AEO · 8 min read

llms.txt explained, with a working template

What llms.txt is, what to put in it, and the FPWS template we ship to every client site.

Format
Article
Updated
Apr 12, 2026
Read time
8 min read

TL;DR

llms.txt is a small markdown file at the root of a site (like robots.txt) that tells AI assistants what the site is about, what URLs map to what intent, and how the site prefers to be cited. It is not a hard standard, but reputable AI engines read it, and it materially improves citation quality. Below is a working template FPWS ships on every client site, with the format we have validated against ChatGPT, Perplexity, and Claude.

01

What llms.txt is

llms.txt is a markdown file at the root of a website (served at /llms.txt, like /robots.txt) that gives AI assistants a structured summary of the site. It typically lists the site's purpose, primary services, key resource URLs grouped by intent, and citation preferences. The format is a proposed convention by Jeremy Howard, supported informally by reputable AI engines, and adopted by serious AEO programs as a low-cost, high-upside foundation.
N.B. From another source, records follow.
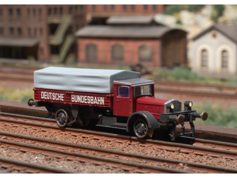 Vorbild: Schienen-LKW 5 to Vomag (Vogtländische Maschinenfabrik AG) der DB (Deutsche Bundesbahn) im Zustand der Epoche III.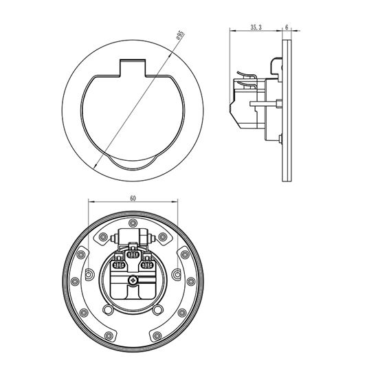 Vrchný kryt zásuvky je vyrobený z odolnej zinkovej zliatiny (brúsený hliníkový vzhľad), ktorá zabezpečuje dlhú životnosť, mechanickú pevnosť a ochranu proti korózii. Dizajn bez viditeľných skrutiek pôsobí čisto a profesionálne, pričom zároveň uľahčuje údržbu.
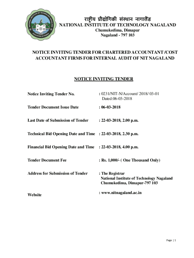 Nagaland 797 103NOTICE INVITING TENDER FOR CHARTERED ACCOUNTANT /COST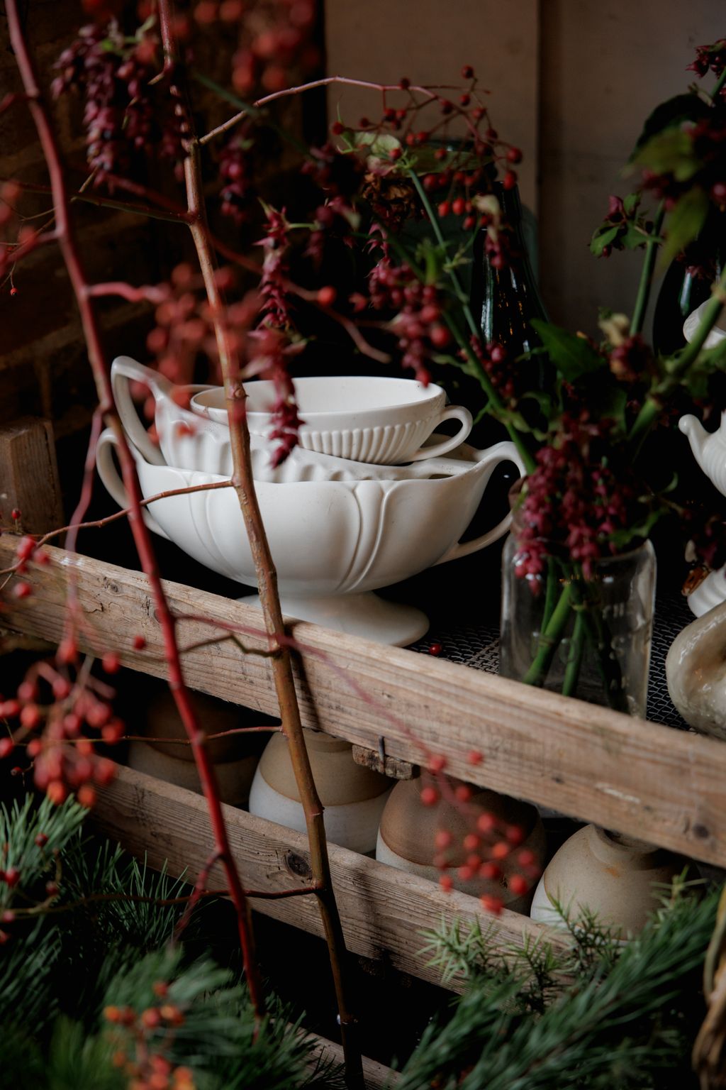 ‘I like to keep my Christmas decorations simple and accessible: it’s intuitive and nothing is over-worked or over-thought,’ continues Graeme. ‘It’s about elevating everyday ingredients. For instance, a sprig of something on the napkin is a lovely little gesture.’ These ingredients are woven together, adorned with lights or arranged in bud vases to make a series of low-cost but deeply effective decorations. Lengths of fir adorned with larch and fairy lights hang from wooden beams inside the house, while carefully placed branches of rosehips and a scattering of small bud vases holding just a few hardworking stems greet you at every turn.

The proposal originated with Jeremy Howard and the fast.ai team in 2024, modeled loosely on robots.txt. The premise is simple: AI models reading a website have to wade through a lot of HTML to figure out what the site is, what it offers, and which URLs matter. A single markdown file at /llms.txt gives them a clean, structured summary they can ingest in one fetch.
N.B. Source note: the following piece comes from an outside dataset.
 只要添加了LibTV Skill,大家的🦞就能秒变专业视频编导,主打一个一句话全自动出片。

The file is plain markdown. There is no XML, no schema, no validation tool you have to pass. The convention is loose by design because the goal is to be read by language models, which are tolerant parsers. What matters is that the file is short, accurate, and well-organized.

02

Why ship one

Three reasons. First, the cost is trivial. The file is one markdown document. Updating it takes minutes. There is no engineering risk and no SEO downside.
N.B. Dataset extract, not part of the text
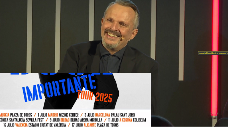 Madrid. Miguel Bosé ha anunciado este jueves su regreso a los escenarios ocho años después con su gira mundial ‘Importante tour’, que arrancará en febrero de 2025 en México, y con la que acudirá a once ciudades españolas durante el verano de ese mismo año, entre ellas Valencia y Alicante en julio, según ha anunciado su empresa de representación RLM.
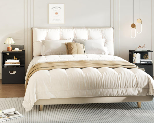 Nightstand with Charging Station, Black Night Stand with 2 Fabric Drawers, Side Table with USB Ports, End Table with Storage Shelf, for Living Room/Bedroom, Black Oak

Second, the upside is real for engines that read it. Perplexity, in particular, has been observed to favor sites with clean llms.txt files in citation behavior. ChatGPT and Claude do not document their use of the file, but our citation tracking shows a small but consistent uplift on client sites within four to eight weeks of shipping it, controlling for other changes.

Third, it forces strategic clarity. Writing a 200-word summary of what your business is and which URLs serve which intent is a useful exercise in itself. We have had multiple clients restructure pages or rewrite copy after seeing how the llms.txt summary read aloud.

03

What goes in it

The structure FPWS uses, validated across dozens of client sites, has six parts. A title and one-line description at the top. A short paragraph summarizing what the business does and who it serves. A list of primary services or product areas with one-line descriptions and canonical URLs. A list of key resources (guides, documentation, case studies) with one-line descriptions. An optional About section with founder, location, and contact info. An optional Citation Guidance section that tells the model how the brand prefers to be quoted.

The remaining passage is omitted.